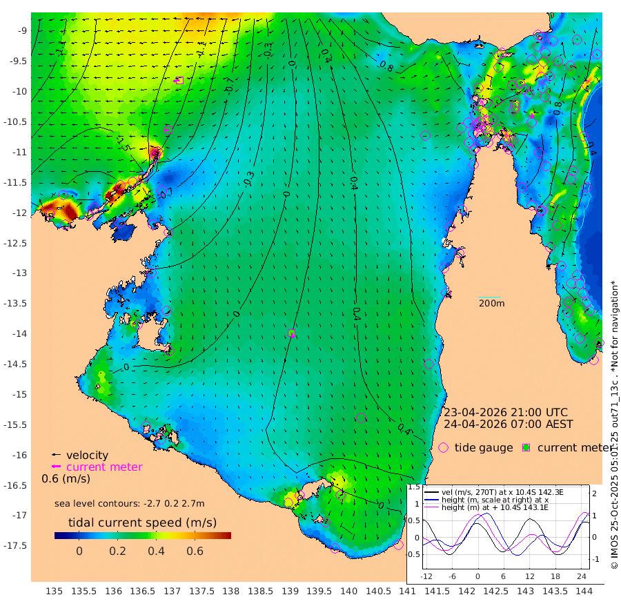 31cm/s -94T +3cm/s rms + 7cm/s -42T. ARA-GOC87 57m 36cm/s 168T +3cm/s rms + 2cm/s -2T. ARA-GOC87 60m 43cm/s -100T +2cm/s rms + 3cm/s 61T. ARA-GOC87 47m 110cm Daru 93cm Bobo Island 57cm Meer Island Barge 77cm Bramble Cay 103cm Unnamed Cay 93cm Pearce Cay 95cm Stephens Island 108cm Merrie England Shoals 118cm Mutacomal Reef 85cm Darnley Island Barge 65cm East Cay 94cm Yorke Island Barge 106cm Rennel Island 93cm Aureed Island 109cm Dungeness Reef 84cm Zagai Island 103cm Yam Island 77cm Dauan Island 70cm Saibai Island 86cm Phipi Reef 98cm Warrior Reef - West 81cm Mabuiag Island Barge 110cm Half Way Island 105cm Coconut Island 120cm Dugong Islet 108cm Poll Island 124cm Kirkcaldie Reef 107cm Suarji Island 106cm Sue Islet 104cm Hawkesbury Island 121cm Alert Patches 117cm Twin Island 90cm Badu Island 114cm St Pauls (Moa Island) 100cm Kubin (Moa Island) 111cm Ince Point 112cm Thursday Island 109cm Nardana Patches 108cm Turtle Head 89cm Round Island 99cm Goods Island 100cm Booby Island 98cm White Rocks Area 90cm Carpentaria 94cm Papou Point 87cm Bampfield Head 85cm Crab Island 104cm Red Wallis Island 114cm Packe Island 126cm Harrington Reef 107cm Herald Camp 35cm Sharp Point 97cm Red Island Point 95cm Possession Island 108cm Alpha Rock 118cm Frederick Point 109cm Wyborn Reef Light 109cm Tetley Island 59cm Triangle Reef 114cm Turtle Head Island 66cm Maclennan Cay 44cm Raine Island 98cm Mcsweeny Reef 89cm Collette Reef 63cm Shadwell Reef 93cm Hannibal Island 82cm Round Point 92cm Vrilya Point 82cm Cape Grenville 69cm Hicks Island 74cm Sir Charles Hardy Island 25cm Harvey Island 70cm Kay Reef 54cm Rocky Island 46cm Chapman Island 47cm Ham Reef 52cm Jubilee Reef 54cm Night Island 52cm Unnamed Reef No. 3 56cm Morris Island 51cm 1st 3 Mile Opening 57cm Creech Reef 58cm Fife Island 50cm Eden Reef 62cm Stanley Island 61cm Normanby River -188cm Yabooma Island -222cm Hutchison River -202cm Elcho Island -190cm North West Crocodile Island -140cm Cape Wessel -181cm Stevens Island -124cm Guluwuru Island -169cm Hopeful Bay -152cm Auster Point -153cm Two Island Bay -190cm Cadell Strait -73cm Mallison Island -117cm Melville Bay (Gove Harbour) -123cm Truant Island -81cm Cape Arnhem -62cm Cape Grey -56cm Hawk Island -49cm Milner Bay (Groote Eylandt) -28cm Cape Beatrice 8cm West Island 1cm Centre Island 14cm Mornington Island 20cm West Wellesley Islands 0cm Bountiful Island -56cm Albert River Mouth -73cm Sweers Island -33cm Karumba 60cm Nassau River Offshore 85cm Christmas Creek 76cm Archer River 77cm Boyd Point 76cm Weipa (Humbug Point) 76cm Pennefather River 84cm Cullen Point
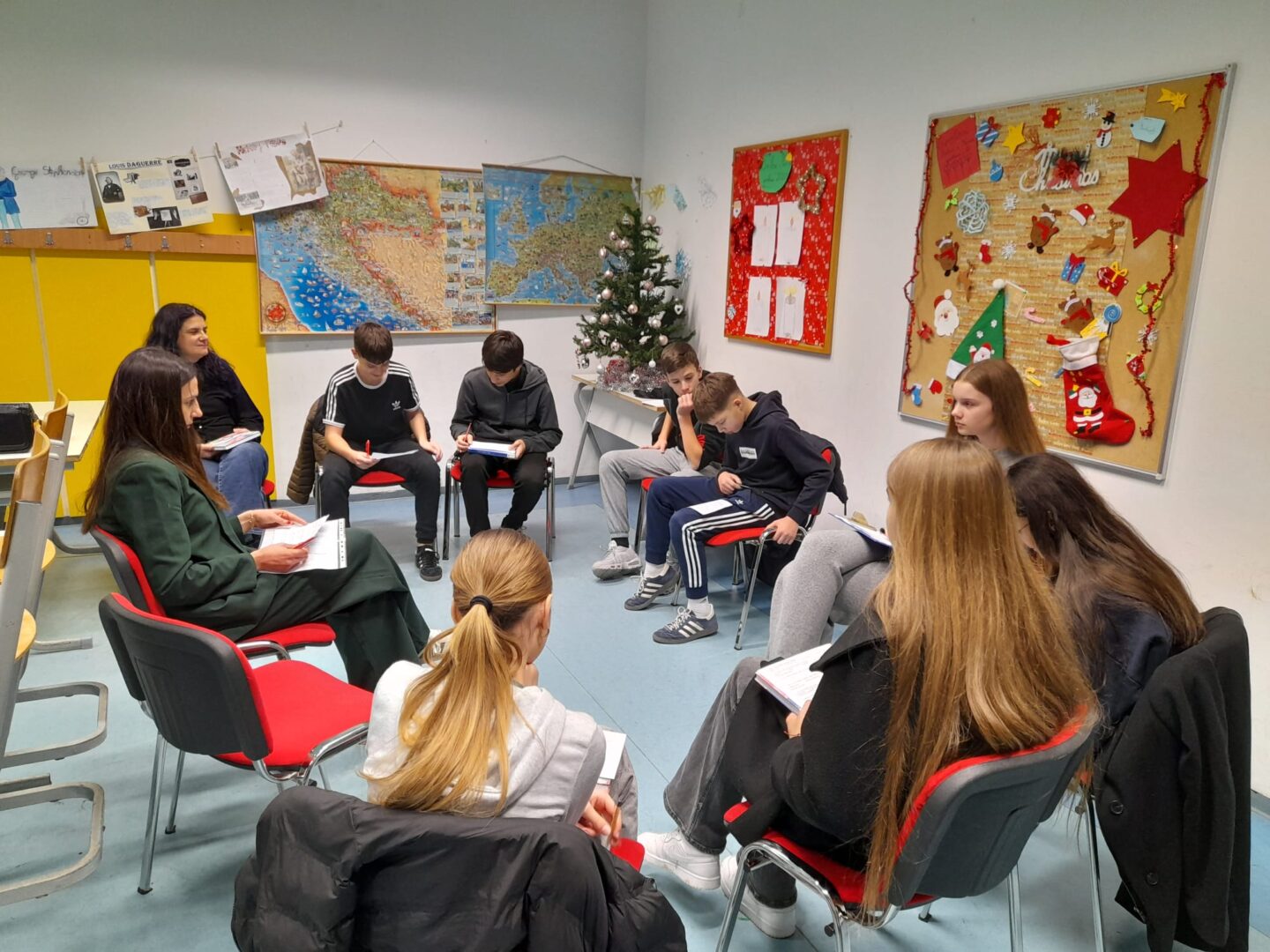Književni klub Mažuranići održao je svoj drugi susret na kojem su ovaj put sudjelovali učenici 7. i 8. razreda sa svojim profesoricama H. Šarić, I. Krnić te knjižničarkom V. Bogdan. Zadana knjiga bila je “Haj, ja sam on line” Melite Rundek. Tema djela posebno je danas aktualna s obzirom da učenici sve više vremena provode na društvenim mrežama.
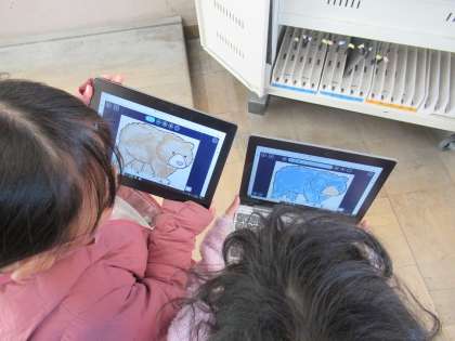 GIGA端末を使って、動物のイラストに好きな色を塗っていきます。
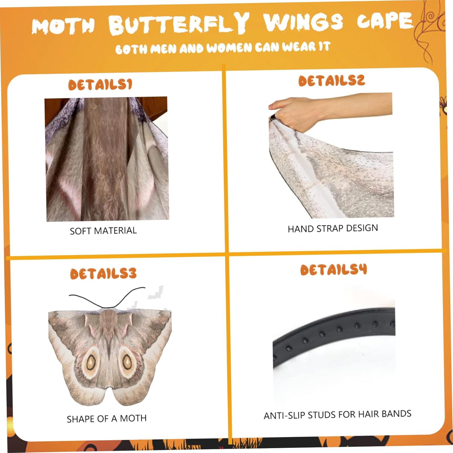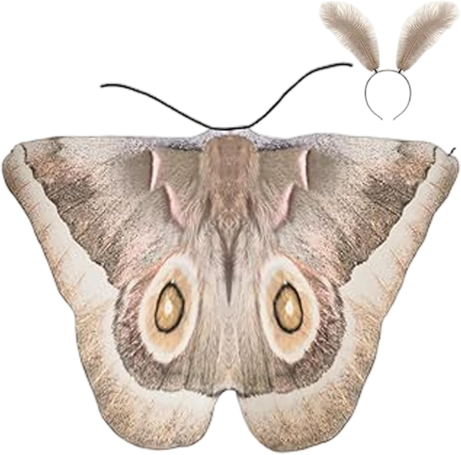 Costume da falena, Ala di Farfalla di Halloween con Fascia per la Fascia di Piume Stampa su Entrambi i Lati Wing Cape per Halloween o Costume Butterfly Cape
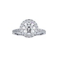 Intricately crafted for optimal sparkle, this engagement ring features a halo and diamond basket.
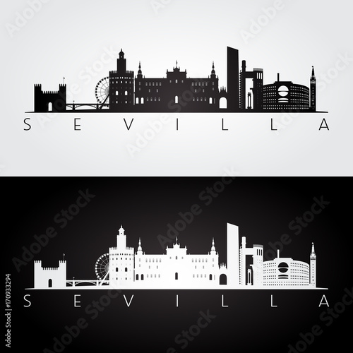 © greens87, Fototapeta premium Sewilla panoramę i zabytki sylwetka, czarno-biały design, ilustracji wektorowych.
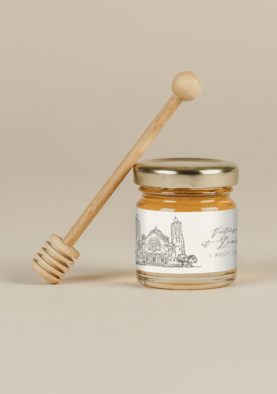 - Un miel de qualité issu de l'Agriculture Biologique à offrir en petits pots personnalisés à vos invités.
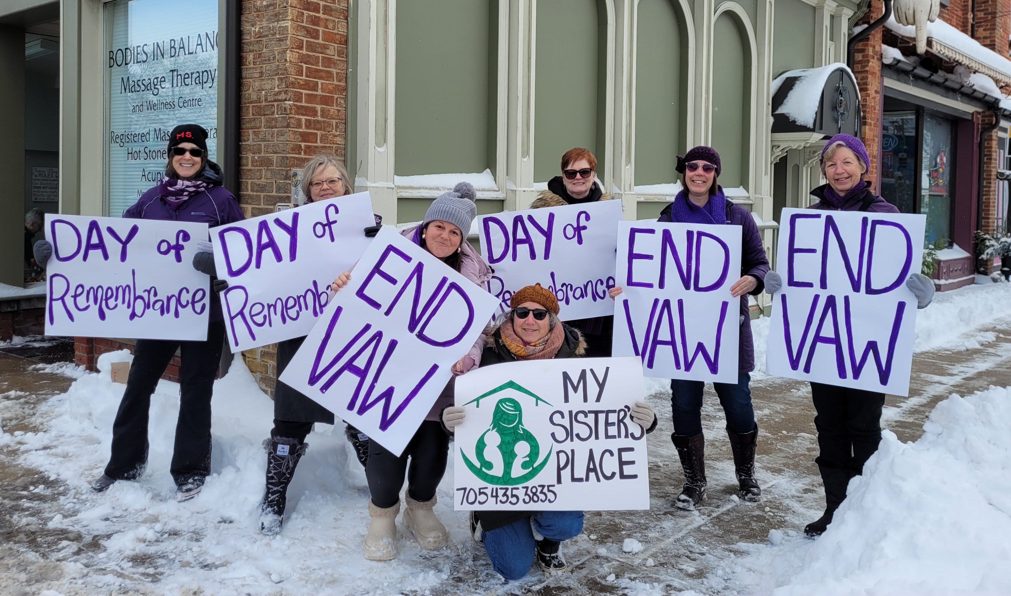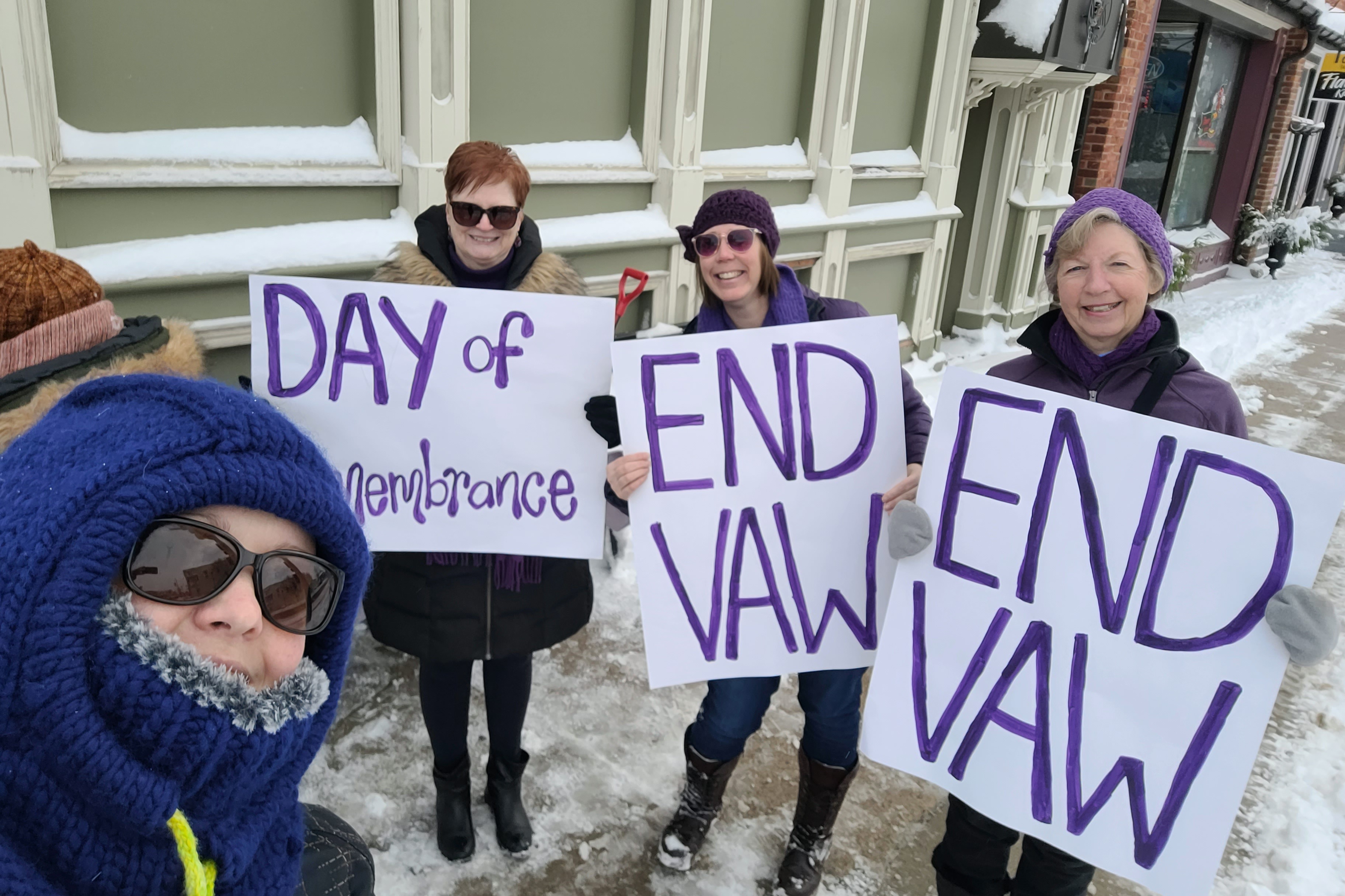 Friday December 6th was National Day of Remembrance and Action on Violence Against Women. It was a snowy morning but we gathered at the corner of Victoria Street and Church Street in Alliston to bring awareness and to remember those women killed in the Montreal Massacre in 1989 and all those who loose their lives to femicide each year. Thank you to those who joined us, the those who stopped and asked questions and for those who honked while passing by.
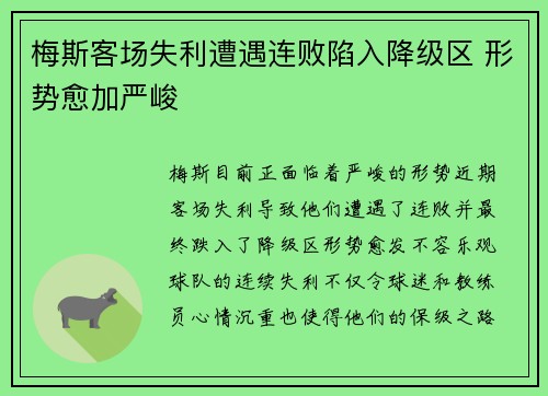 梅斯目前面临的困境是多方面的,连败的战绩、阵容的薄弱、战术执行的不足以及心理状态的影响,都加剧了球队的降级风险。通过分析这些问题,我们可以看出梅斯需要从多个方面进行反思和改进,包括调整战术、增加阵容深度、改进心理状态等。球队的命运虽然依然充满不确定性,但只要他们能够及时进行调整,依靠团队的努力,仍然有希望在剩余的赛季中避免降级。
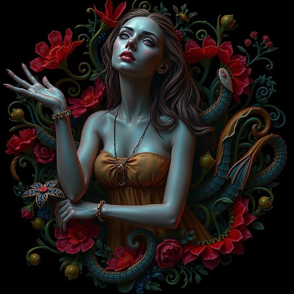 This image shows a woman in a yellow dress in a surreal garden setting. The scene is reminiscent of hyperrealist art with vibrant colors and elements of glitch and op art.
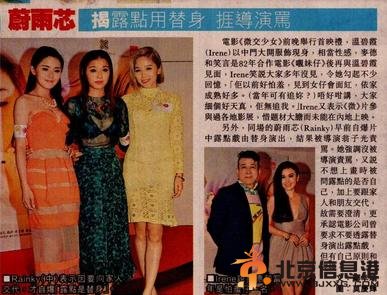 蔚雨芯因露点用替身被导演骂 据香港媒体报道,电影《微交少女》前晚举行首映礼,温碧霞(Irene)以中门大开服饰现身,相当性感,麦德和笑言是82年合作电影后再与温碧霞见面,Irene笑讲大家多年没见,勾起不少回忆,“他以前好怕羞,见到女还会面红,现在成熟好多。(当年可有追你?)不好这么说,大家小时候好天真,他无追我。”Irene又表示《微》片参与过各地影展,惜题材大胆而未能在内地上映。 另外,同场的蔚雨芯(Rainky)早前自爆片中露点戏由替身演出,结果被导演翁子光责骂,又讲不想上映时被问露点的是否自己,加上要跟家人和朋友交代,故需要澄清,更承认电影公司曾要求不好透露替身演出露点戏,但有自己原则和底线。

————————

◆ What you are asked to do
Leaving the pictures out, output the material exactly as it appears.

◆ Answer section
 31cm/s -94T +3cm/s rms + 7cm/s -42T. ARA-GOC87 57m 36cm/s 168T +3cm/s rms + 2cm/s -2T. ARA-GOC87 60m 43cm/s -100T +2cm/s rms + 3cm/s 61T. ARA-GOC87 47m 110cm Daru 93cm Bobo Island 57cm Meer Island Barge 77cm Bramble Cay 103cm Unnamed Cay 93cm Pearce Cay 95cm Stephens Island 108cm Merrie England Shoals 118cm Mutacomal Reef 85cm Darnley Island Barge 65cm East Cay 94cm Yorke Island Barge 106cm Rennel Island 93cm Aureed Island 109cm Dungeness Reef 84cm Zagai Island 103cm Yam Island 77cm Dauan Island 70cm Saibai Island 86cm Phipi Reef 98cm Warrior Reef - West 81cm Mabuiag Island Barge 110cm Half Way Island 105cm Coconut Island 120cm Dugong Islet 108cm Poll Island 124cm Kirkcaldie Reef 107cm Suarji Island 106cm Sue Islet 104cm Hawkesbury Island 121cm Alert Patches 117cm Twin Island 90cm Badu Island 114cm St Pauls (Moa Island) 100cm Kubin (Moa Island) 111cm Ince Point 112cm Thursday Island 109cm Nardana Patches 108cm Turtle Head 89cm Round Island 99cm Goods Island 100cm Booby Island 98cm White Rocks Area 90cm Carpentaria 94cm Papou Point 87cm Bampfield Head 85cm Crab Island 104cm Red Wallis Island 114cm Packe Island 126cm Harrington Reef 107cm Herald Camp 35cm Sharp Point 97cm Red Island Point 95cm Possession Island 108cm Alpha Rock 118cm Frederick Point 109cm Wyborn Reef Light 109cm Tetley Island 59cm Triangle Reef 114cm Turtle Head Island 66cm Maclennan Cay 44cm Raine Island 98cm Mcsweeny Reef 89cm Collette Reef 63cm Shadwell Reef 93cm Hannibal Island 82cm Round Point 92cm Vrilya Point 82cm Cape Grenville 69cm Hicks Island 74cm Sir Charles Hardy Island 25cm Harvey Island 70cm Kay Reef 54cm Rocky Island 46cm Chapman Island 47cm Ham Reef 52cm Jubilee Reef 54cm Night Island 52cm Unnamed Reef No. 3 56cm Morris Island 51cm 1st 3 Mile Opening 57cm Creech Reef 58cm Fife Island 50cm Eden Reef 62cm Stanley Island 61cm Normanby River -188cm Yabooma Island -222cm Hutchison River -202cm Elcho Island -190cm North West Crocodile Island -140cm Cape Wessel -181cm Stevens Island -124cm Guluwuru Island -169cm Hopeful Bay -152cm Auster Point -153cm Two Island Bay -190cm Cadell Strait -73cm Mallison Island -117cm Melville Bay (Gove Harbour) -123cm Truant Island -81cm Cape Arnhem -62cm Cape Grey -56cm Hawk Island -49cm Milner Bay (Groote Eylandt) -28cm Cape Beatrice 8cm West Island 1cm Centre Island 14cm Mornington Island 20cm West Wellesley Islands 0cm Bountiful Island -56cm Albert River Mouth -73cm Sweers Island -33cm Karumba 60cm Nassau River Offshore 85cm Christmas Creek 76cm Archer River 77cm Boyd Point 76cm Weipa (Humbug Point) 76cm Pennefather River 84cm Cullen Point
Književni klub Mažuranići održao je svoj drugi susret na kojem su ovaj put sudjelovali učenici 7. i 8. razreda sa svojim profesoricama H. Šarić, I. Krnić te knjižničarkom V. Bogdan. Zadana knjiga bila je “Haj, ja sam on line” Melite Rundek. Tema djela posebno je danas aktualna s obzirom da učenici sve više vremena provode na društvenim mrežama.
 GIGA端末を使って、動物のイラストに好きな色を塗っていきます。
 Costume da falena, Ala di Farfalla di Halloween con Fascia per la Fascia di Piume Stampa su Entrambi i Lati Wing Cape per Halloween o Costume Butterfly Cape
 Intricately crafted for optimal sparkle, this engagement ring features a halo and diamond basket.
 © greens87, Fototapeta premium Sewilla panoramę i zabytki sylwetka, czarno-biały design, ilustracji wektorowych.
 - Un miel de qualité issu de l'Agriculture Biologique à offrir en petits pots personnalisés à vos invités.
 Friday December 6th was National Day of Remembrance and Action on Violence Against Women. It was a snowy morning but we gathered at the corner of Victoria Street and Church Street in Alliston to bring awareness and to remember those women killed in the Montreal Massacre in 1989 and all those who loose their lives to femicide each year. Thank you to those who joined us, the those who stopped and asked questions and for those who honked while passing by.
 梅斯目前面临的困境是多方面的,连败的战绩、阵容的薄弱、战术执行的不足以及心理状态的影响,都加剧了球队的降级风险。通过分析这些问题,我们可以看出梅斯需要从多个方面进行反思和改进,包括调整战术、增加阵容深度、改进心理状态等。球队的命运虽然依然充满不确定性,但只要他们能够及时进行调整,依靠团队的努力,仍然有希望在剩余的赛季中避免降级。
 This image shows a woman in a yellow dress in a surreal garden setting. The scene is reminiscent of hyperrealist art with vibrant colors and elements of glitch and op art.
 蔚雨芯因露点用替身被导演骂 据香港媒体报道,电影《微交少女》前晚举行首映礼,温碧霞(Irene)以中门大开服饰现身,相当性感,麦德和笑言是82年合作电影后再与温碧霞见面,Irene笑讲大家多年没见,勾起不少回忆,“他以前好怕羞,见到女还会面红,现在成熟好多。(当年可有追你?)不好这么说,大家小时候好天真,他无追我。”Irene又表示《微》片参与过各地影展,惜题材大胆而未能在内地上映。 另外,同场的蔚雨芯(Rainky)早前自爆片中露点戏由替身演出,结果被导演翁子光责骂,又讲不想上映时被问露点的是否自己,加上要跟家人和朋友交代,故需要澄清,更承认电影公司曾要求不好透露替身演出露点戏,但有自己原则和底线。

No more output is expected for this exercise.